Requirement:
Range to repeat from the listing below: the line containing "阿拉伯沙瞪羚:是偶蹄目、牛科" down to the line containing "Слайд 67Установлено, что", both included. Copy it exactly, pictures excluded, and add nothing else.

Extracted material:
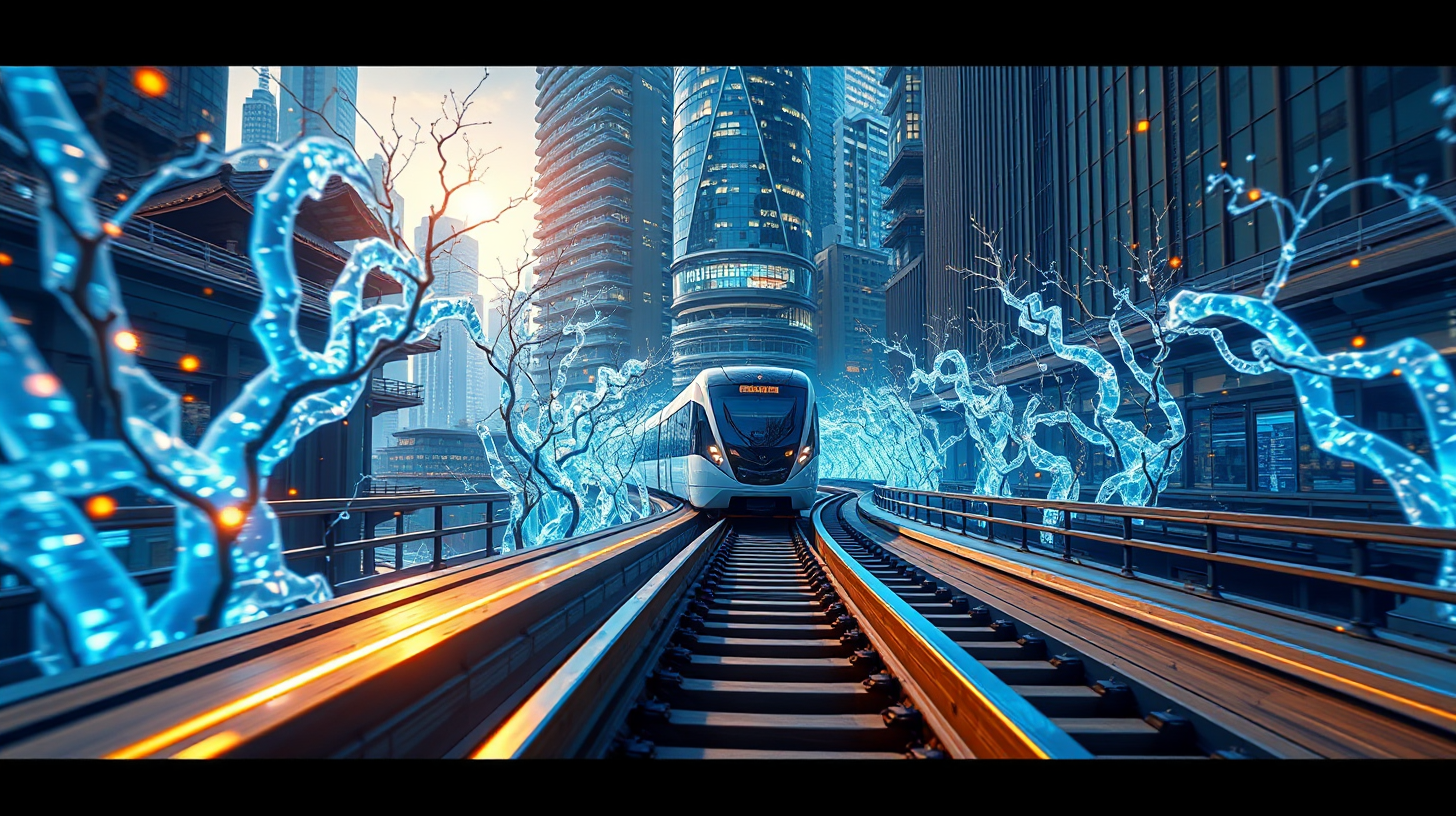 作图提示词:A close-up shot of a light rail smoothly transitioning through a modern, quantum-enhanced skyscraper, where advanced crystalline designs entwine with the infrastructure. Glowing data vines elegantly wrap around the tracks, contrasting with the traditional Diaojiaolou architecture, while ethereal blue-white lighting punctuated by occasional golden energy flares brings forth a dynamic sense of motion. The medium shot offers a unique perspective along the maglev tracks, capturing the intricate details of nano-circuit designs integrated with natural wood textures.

--

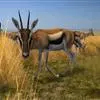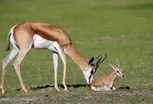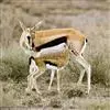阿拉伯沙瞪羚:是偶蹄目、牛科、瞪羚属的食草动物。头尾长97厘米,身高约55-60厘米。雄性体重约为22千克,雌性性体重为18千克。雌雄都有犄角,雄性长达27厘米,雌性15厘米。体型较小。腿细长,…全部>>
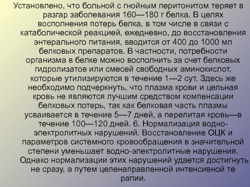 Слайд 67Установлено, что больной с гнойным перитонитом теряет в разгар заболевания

Completed exercise:
阿拉伯沙瞪羚:是偶蹄目、牛科、瞪羚属的食草动物。头尾长97厘米,身高约55-60厘米。雄性体重约为22千克,雌性性体重为18千克。雌雄都有犄角,雄性长达27厘米,雌性15厘米。体型较小。腿细长,…全部>>
 Слайд 67Установлено, что больной с гнойным перитонитом теряет в разгар заболевания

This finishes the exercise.